About a year ago, shortly after the appointment of Brendan Rodgers, I wrote that Liverpool needed evolution, not revolution. The departure last summer of club legend Kenny Dalglish was a difficult one, particularly for older fans who still have fond memories of his glorious first tenure as manager at the club, as well as a distinguished playing career that saw him regarded as one of the all time greats of the game.
However, after some high profile signings and a disappointing league campaign, it was clear that some changes were needed and Liverpool’s owners decided that the management team was it.
However, I felt the disappointment could be somewhat balanced against the promising young players coming through the ranks at Anfield and some of the talent that was already in the squad. I also believed that with a few smart ins and outs, progress could be made; albeit slow and steady in the absence of the financial backing of Man City or Chelsea.
Whilst Liverpool passed the ball under Dalglish, the 4-3-3 shorter passing philosophy of Rodgers was clearly evident from the onset and their performance against Gomel in the early stages of the Europa League gave fans some optimism ahead of a tough run of opening Premier League fixtures.
However, individual mistakes became an all too familiar theme in the first few months of what was a stuttering League campaign. Despite some impressive performances, those mistakes were costing goals and points, leaving the Reds in the wrong half of the table and Brendan Rodgers under no illusion of just how magnified the focus is on a club the size of Liverpool.
Club record signing, Andy Carroll, had been sent to West Ham on a season long loan and failure to seal deadline day targets meant the club started with just 2 recognised senior strikers. One of them, newly recruited Fabio Borini, was struggling to adapt and got injured. This meant Luis Suarez would be under further pressure to deliver the goals, but deliver them he did.
Youngster Raheem Sterling, with his blistering pace and trickery, was quickly making a name for himself and having to be relied upon as Liverpool began to tighten up at the back and improve their results.
As autumn was drawing to a close, Sterling was starting to look a little burnt out and £15m summer signing, Joe Allen’s form had deserted him. Jordan Henderson and Stewart Downing had come back into the fold and made an impression, but it was to be the January transfer window that would prove decisive. Daniel Sturridge was signed from Chelsea and Philippe Coutinho from Inter Milan.
Despite the humiliation of a premature exit from the FA Cup at the hands of giant killers Oldham, Liverpool continued to tighten up defensively in the second half of the campaign and Sturridge was making an instant impact, taking the pressure off Suarez to score the goals. The energy and work rate of Jordan Henderson was making him an important member of the team, helping to press opponents higher up the pitch, as Liverpool looked to have adjusted to the style of play that Rodgers demands.

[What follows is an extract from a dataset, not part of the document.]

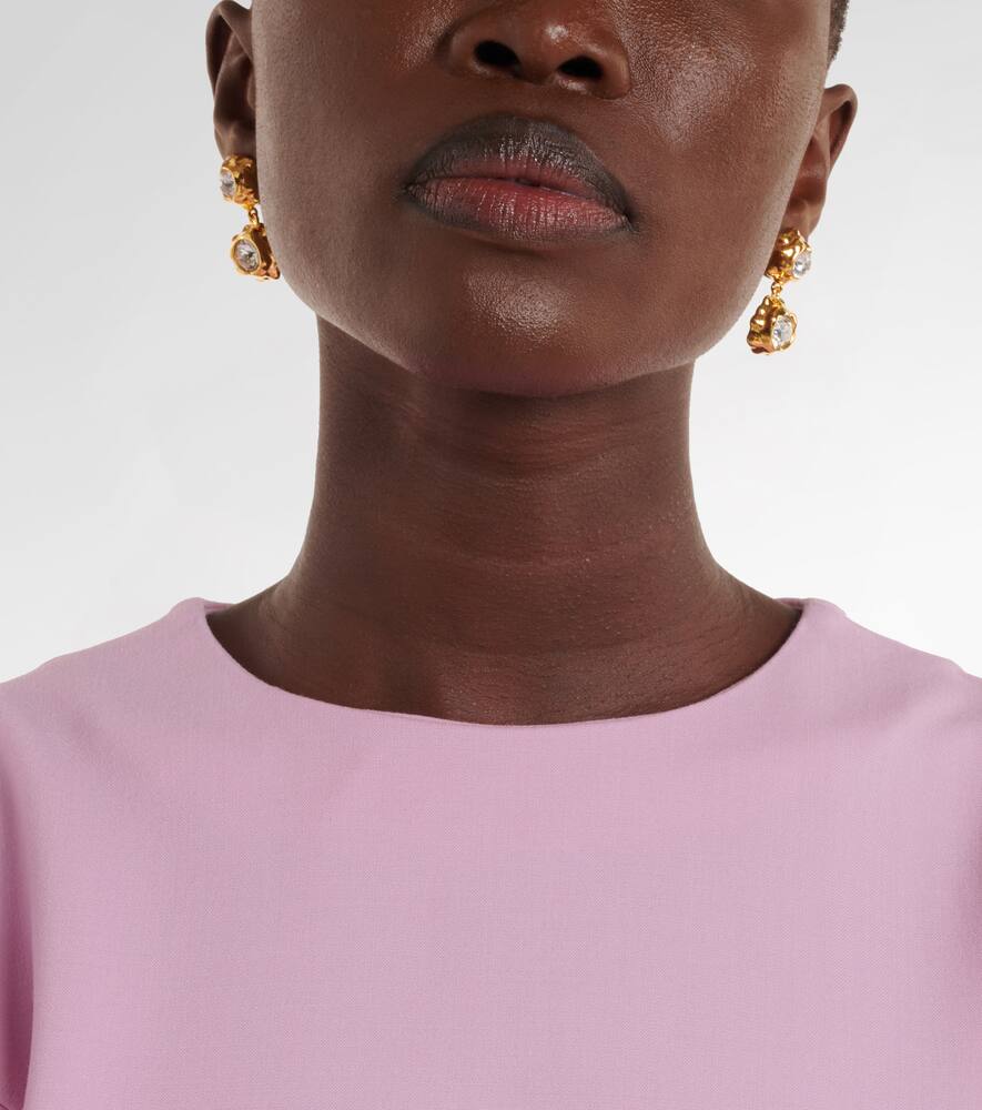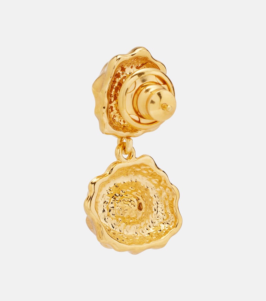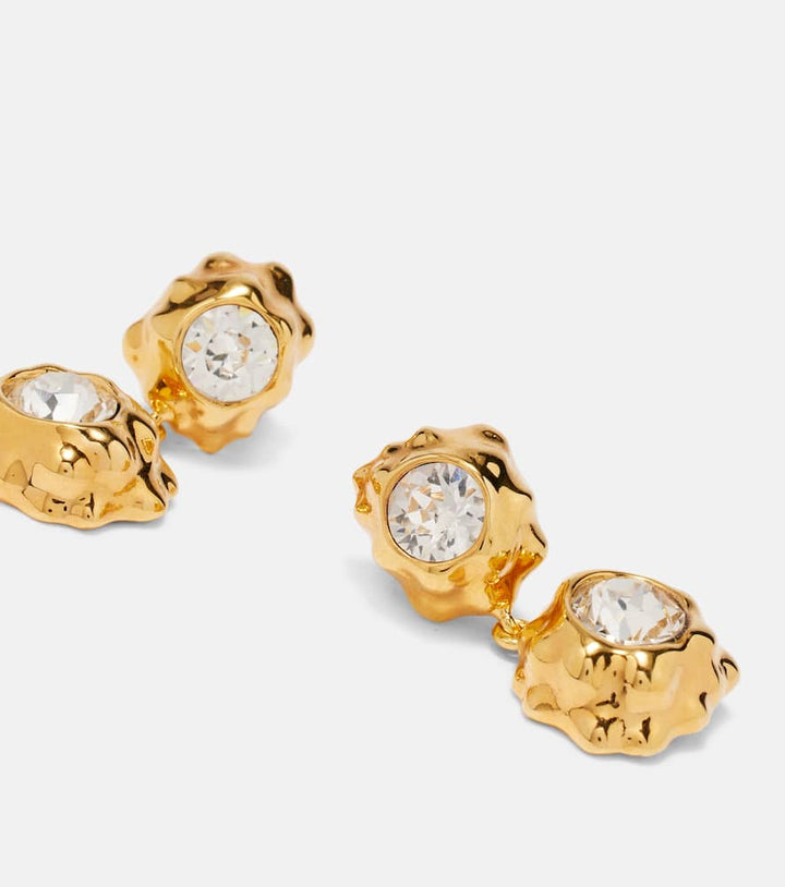 These Embellished drop earrings by Oscar de la Renta are a beautiful and artistic expression of modern elegance. The earrings feature a delicate and fluid design, expertly crafted from brass, glass, bronze, and yellow gold. They are adorned with a beautiful array of glass stones, adding a luxurious sparkle. The piece feels both organic and luxurious, a true statement of refined style. These earrings are a versatile accessory that can be worn for both everyday moments and special occasions.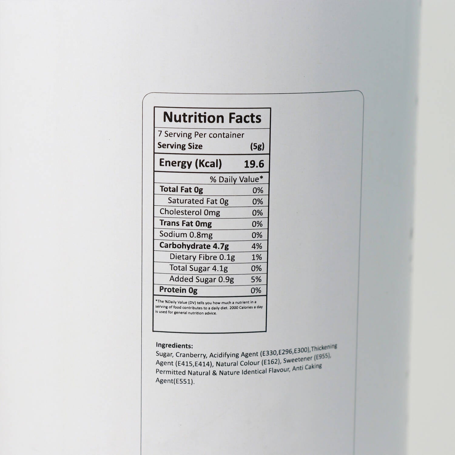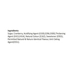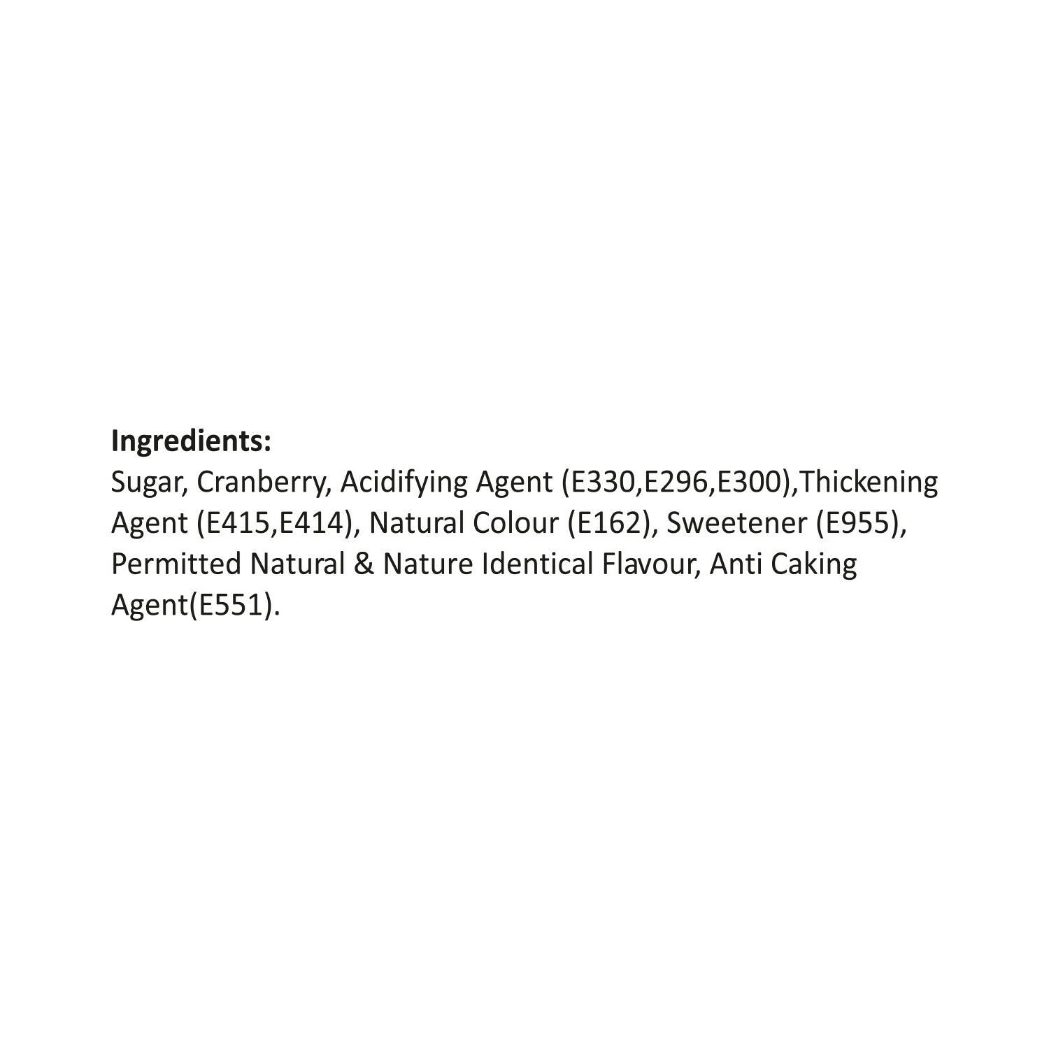 • Sugar, Cranberry, Acidifying Agent, Natural Colour, Sweetener, Permitted Natural & Nature Identical Flavour, Anti Caking Agent.

Skipper Steven Gerrard was also increasingly adapting to a more withdrawn role in the midfield, yet still exerting his influence and after a poor start to the season, Pepe Reina even recovered some of the form that had once made him the most consistent goalkeeper in the country.
The icing on the cake though, would be the growing influence of Coutinho. The young Brazilian attacking midfielder was once considered by some as one of the hottest prospects in world football and he settled quickly, showing his skill, technique and vision to give the Kop a new hero.
In any other year, Luis Suarez would’ve been named player of the year; not just for scoring 30 goals or the breath taking quality of some those goals, but also for the consistently high level of performances he put in throughout the season.
However, as soon as he inexplicably bit Chelsea’s Branislav Ivanovic, he ended all hopes of the LMA version of that accolade. The burning pitchfork brigade may have wanted a lifetime ban and 50 years imprisonment, but had to make do with a 10 match ban, as the FA got caught up in the hysteria.
With Suarez unavailable for the last few games of the season, it allowed Coutinho and Sturridge to develop their understanding on the pitch. They did that to aplomb as Liverpool ended the season in good form, the highlight of which being the 6 goal mauling of Newcastle.
All in all, if Liverpool can take their form and progress from the second of the season into next year, along with a successful transfer window, then perhaps there can be some reasons for optimism that Liverpool can compete for a top 4 spot next year.
It seems only appropriate that my final note should be that Liverpool’s final league game against QPR saw the birth of a promising Anfield career in the shape of Jordan Ibe, but it also saw the end of another as after 17 years and 737 appearances, Jamie Carragher hung up his boots. Liverpool’s loss will be Sky Sports’ gain.